PROBLEM DETAILS:
Beginning with the line below that contains "På en måde er" and ending with the line that contains "用 watch 觀察 pa", retype every line exactly. Pictures are not copied.

MATERIAL FOR THIS EXERCISE:
Content starts

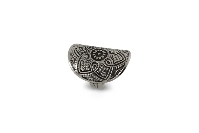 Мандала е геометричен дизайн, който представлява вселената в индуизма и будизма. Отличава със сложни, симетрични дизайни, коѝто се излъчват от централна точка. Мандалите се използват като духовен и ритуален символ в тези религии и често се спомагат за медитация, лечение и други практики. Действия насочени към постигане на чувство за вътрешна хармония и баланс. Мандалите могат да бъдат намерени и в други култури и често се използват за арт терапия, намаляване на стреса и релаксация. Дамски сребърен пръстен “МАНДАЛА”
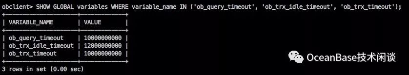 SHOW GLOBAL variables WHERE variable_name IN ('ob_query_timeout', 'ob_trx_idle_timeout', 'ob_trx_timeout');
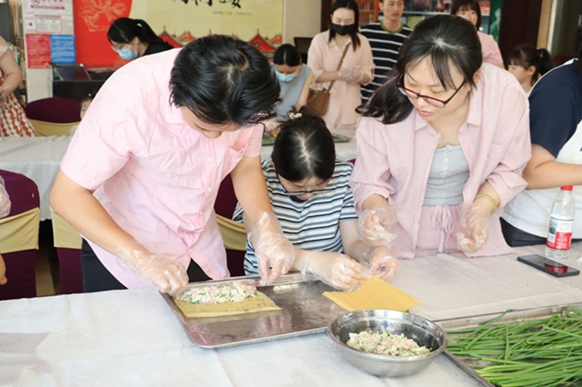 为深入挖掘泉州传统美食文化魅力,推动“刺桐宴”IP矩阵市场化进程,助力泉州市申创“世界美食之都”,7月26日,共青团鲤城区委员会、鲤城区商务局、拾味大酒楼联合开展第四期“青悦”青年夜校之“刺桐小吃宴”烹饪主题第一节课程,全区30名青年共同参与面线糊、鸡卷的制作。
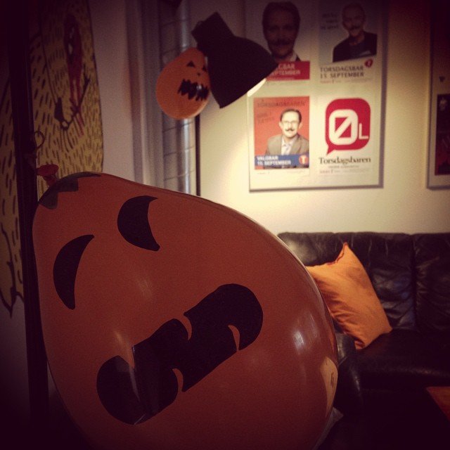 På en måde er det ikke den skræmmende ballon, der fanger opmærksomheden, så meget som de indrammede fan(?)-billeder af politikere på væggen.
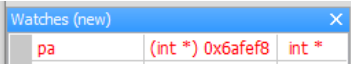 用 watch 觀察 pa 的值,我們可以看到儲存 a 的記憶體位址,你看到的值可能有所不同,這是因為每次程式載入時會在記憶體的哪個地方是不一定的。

Content ends
Content starts

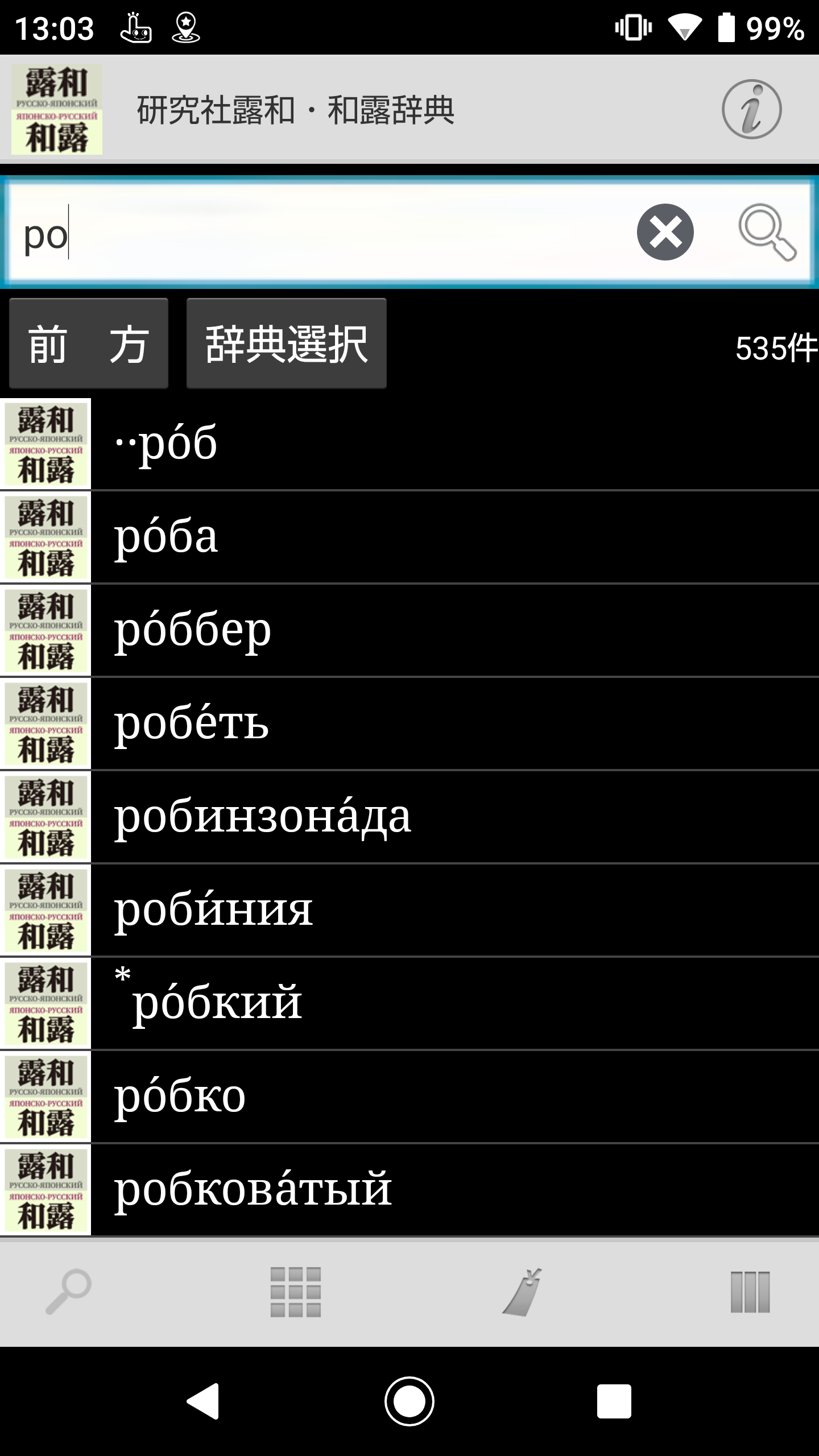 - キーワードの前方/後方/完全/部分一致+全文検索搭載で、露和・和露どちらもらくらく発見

Content ends
Content starts

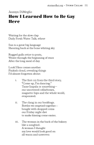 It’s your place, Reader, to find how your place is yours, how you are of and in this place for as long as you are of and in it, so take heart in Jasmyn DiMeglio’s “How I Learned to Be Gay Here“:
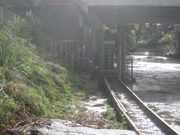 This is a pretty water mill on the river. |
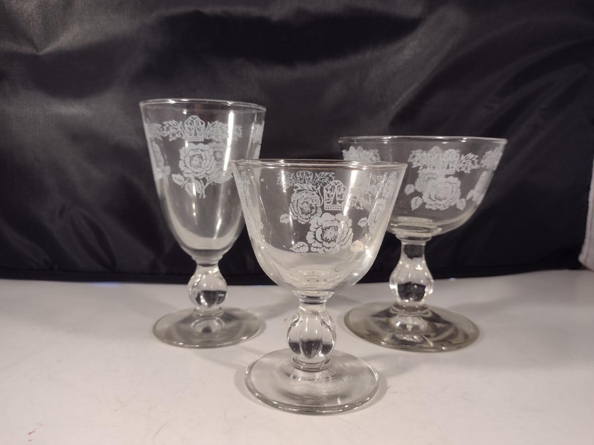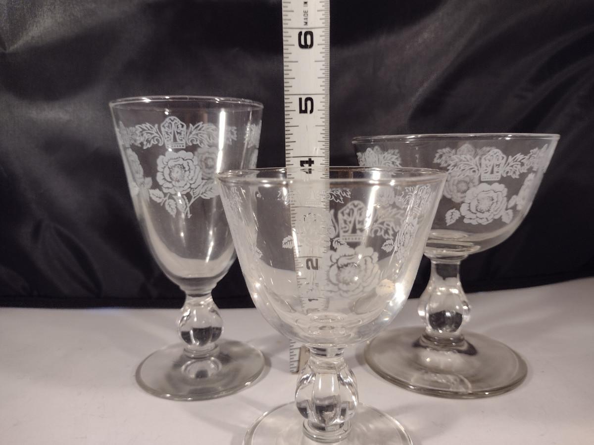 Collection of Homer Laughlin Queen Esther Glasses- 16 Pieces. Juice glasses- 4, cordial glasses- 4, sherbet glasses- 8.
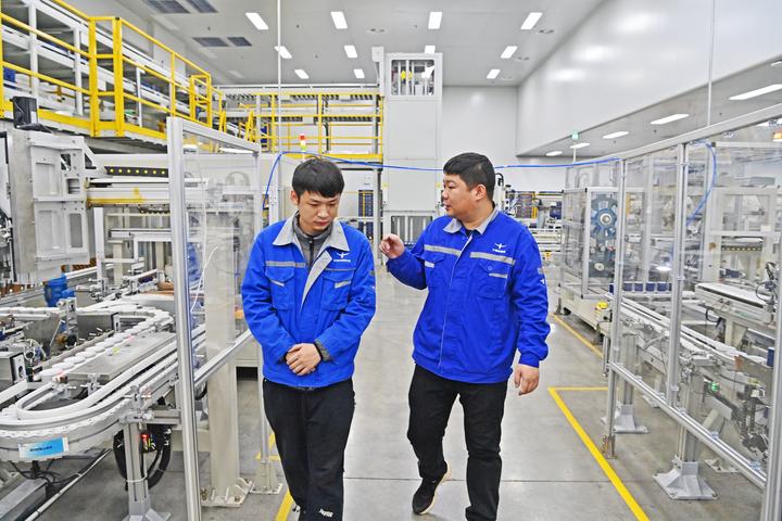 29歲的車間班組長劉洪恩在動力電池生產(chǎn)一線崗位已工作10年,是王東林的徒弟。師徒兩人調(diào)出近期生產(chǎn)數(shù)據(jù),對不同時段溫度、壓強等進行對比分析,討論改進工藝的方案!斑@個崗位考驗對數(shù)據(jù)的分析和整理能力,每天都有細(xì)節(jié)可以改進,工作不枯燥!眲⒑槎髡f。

Content ends

SOLUTION TO THE PROBLEM:
 På en måde er det ikke den skræmmende ballon, der fanger opmærksomheden, så meget som de indrammede fan(?)-billeder af politikere på væggen.
 用 watch 觀察 pa 的值,我們可以看到儲存 a 的記憶體位址,你看到的值可能有所不同,這是因為每次程式載入時會在記憶體的哪個地方是不一定的。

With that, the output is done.